*AIM OF THE EXERCISE*
The records that follow are to be repeated exactly, with no pictures carried over.

(Collection entries)
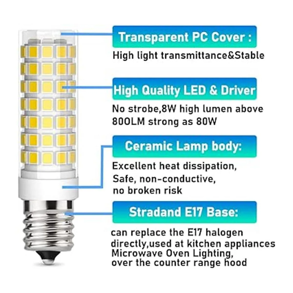 Esta luz LED E17 para horno de microondas se puede usar en horno microondas, electrodomésticos, campana de rango libre, luz de estufa, luces de refrigerador, lámparas de araña. hogar, oficina, restaurantes, tiendas, escuelas, etc. Bombillas de paisaje/universal
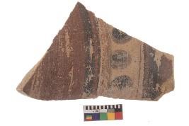 | Description / विवरण | Specimen of black on red ware with black decorative Circles between lines geometric painting. |
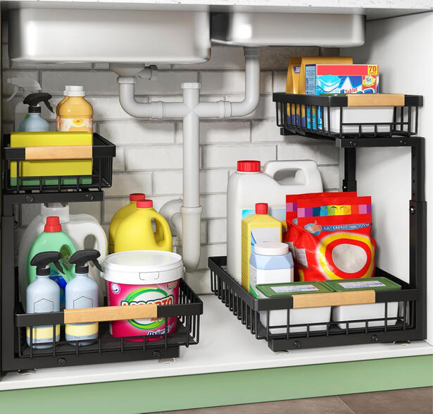 Transforms chaotic sink cabinets into structured storage for cleaning supplies.
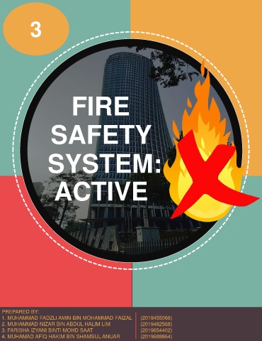 3 FIRE SAFETY SYSTEM: ACTIVE PREPARED BY: 1. MUHAMMAD FADZLI AMIN BIN MOHAMMAD FAIZAL (2019455066) 2. MUHAMMAD NIZAR BIN ABDUL HALIM LIM (2019482568) 3. FARISHA IZYANI BINTI MOHD SAAT (2019654402) 4. MUHAMAD AFIQ HAKIM BIN SHAMSUL ANUAR (2019688864)
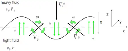 The RT instability can be seen as the result of baroclinic torque created by the misalignment of the pressure and density gradients at the perturbed interface, as described by the two-dimensional inviscid vorticity equation, , where ω is vorticity, ρ density and p is the pressure. In this case the dominant pressure gradient is hydrostatic, resulting from the acceleration.
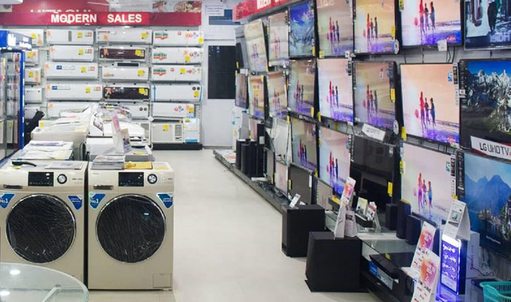 A distinctive octagonal showroom design allows customers to view every item on display creating a stadium feeling. The lower level houses thousands of small appliances, housewares, vacuum cleaners and health care aids. An enormous selection of electronics can be found on the main level including a huge display of flat panel LCD and LED televisions, plus the newest in television technology including Smart TVs with screens up to 90".
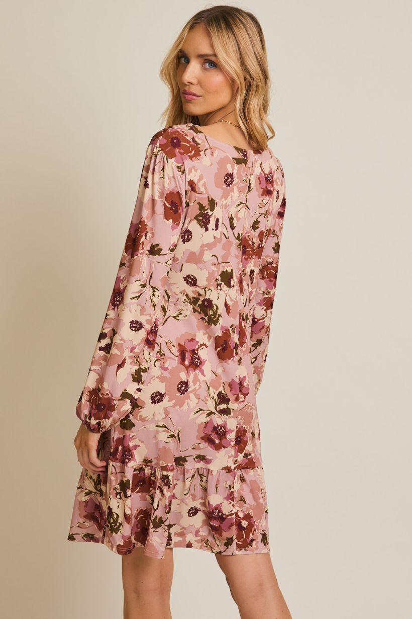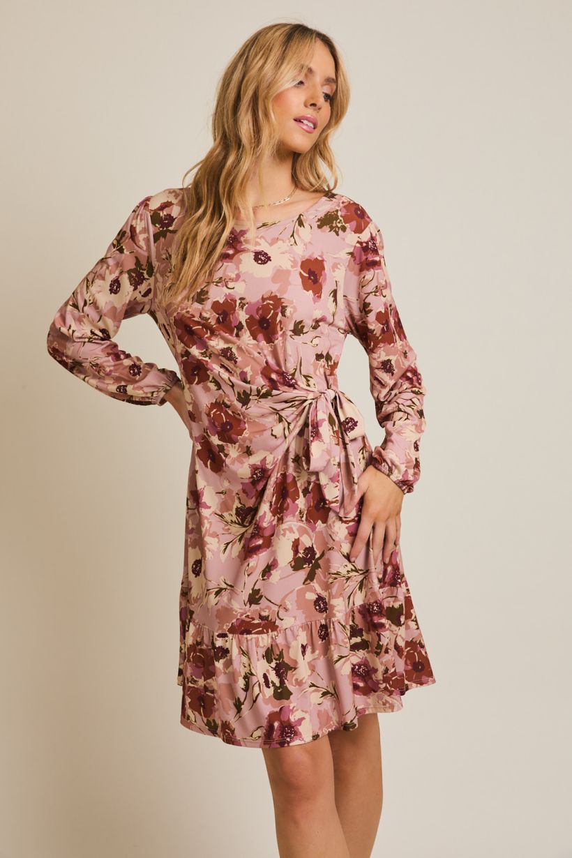 Elegant with a touch of charm, this floral dress features a classic round neckline, long sleeves, and a flattering side tie detail that cinches the waist just right. The soft floral print and easy silhouette make it perfect for day-to-night styling.

*TASK ANSWER*
 Esta luz LED E17 para horno de microondas se puede usar en horno microondas, electrodomésticos, campana de rango libre, luz de estufa, luces de refrigerador, lámparas de araña. hogar, oficina, restaurantes, tiendas, escuelas, etc. Bombillas de paisaje/universal
 | Description / विवरण | Specimen of black on red ware with black decorative Circles between lines geometric painting. |
 Transforms chaotic sink cabinets into structured storage for cleaning supplies.
 3 FIRE SAFETY SYSTEM: ACTIVE PREPARED BY: 1. MUHAMMAD FADZLI AMIN BIN MOHAMMAD FAIZAL (2019455066) 2. MUHAMMAD NIZAR BIN ABDUL HALIM LIM (2019482568) 3. FARISHA IZYANI BINTI MOHD SAAT (2019654402) 4. MUHAMAD AFIQ HAKIM BIN SHAMSUL ANUAR (2019688864)
 The RT instability can be seen as the result of baroclinic torque created by the misalignment of the pressure and density gradients at the perturbed interface, as described by the two-dimensional inviscid vorticity equation, , where ω is vorticity, ρ density and p is the pressure. In this case the dominant pressure gradient is hydrostatic, resulting from the acceleration.
 A distinctive octagonal showroom design allows customers to view every item on display creating a stadium feeling. The lower level houses thousands of small appliances, housewares, vacuum cleaners and health care aids. An enormous selection of electronics can be found on the main level including a huge display of flat panel LCD and LED televisions, plus the newest in television technology including Smart TVs with screens up to 90".
 Elegant with a touch of charm, this floral dress features a classic round neckline, long sleeves, and a flattering side tie detail that cinches the waist just right. The soft floral print and easy silhouette make it perfect for day-to-night styling.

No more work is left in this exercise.